▸ **RECORDED DATA**:
Segment Open

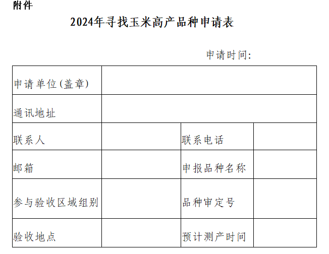 (一)申報單位填寫《2024年尋找玉米高產品種申請表》,東華北春播區和西北區于6月20日前、黃淮海夏播區于6月30日前將申請表的電子版文件、蓋章后掃描文件一并發至郵箱:jiaweiqiang1016@163.com。
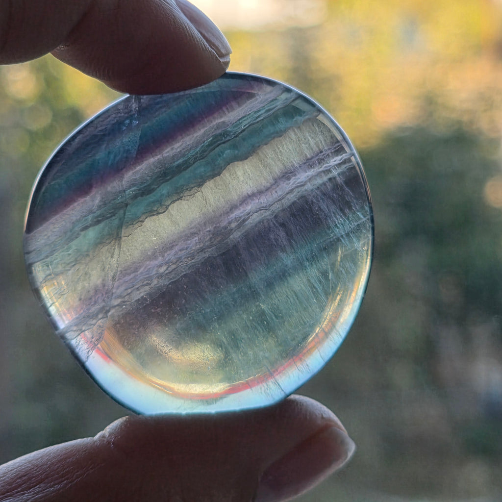 Ta mieszanka kolorów sprawia, że tęczowe fluoryt jest uważane za kamień ochrony, który eliminuje negatywną energię i pomaga uporządkować myśli, dzięki czemu jest idealny dla osób poszukujących jasności umysłowej i duchowej.
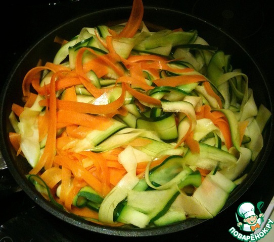 Специальным ножом срезать тонкие полоски цуккини и морковки, выложить на сковороду и тушить в масле примерно 5 минут на медленном огне.

Segment Closed

▸ **INSTRUCTIONS TO FOLLOW**:
Word for word, print all of the data; skip the pictures.

▸ **RESPONSE BELOW**:
 (一)申報單位填寫《2024年尋找玉米高產品種申請表》,東華北春播區和西北區于6月20日前、黃淮海夏播區于6月30日前將申請表的電子版文件、蓋章后掃描文件一并發至郵箱:jiaweiqiang1016@163.com。
 Ta mieszanka kolorów sprawia, że tęczowe fluoryt jest uważane za kamień ochrony, który eliminuje negatywną energię i pomaga uporządkować myśli, dzięki czemu jest idealny dla osób poszukujących jasności umysłowej i duchowej.
 Специальным ножом срезать тонкие полоски цуккини и морковки, выложить на сковороду и тушить в масле примерно 5 минут на медленном огне.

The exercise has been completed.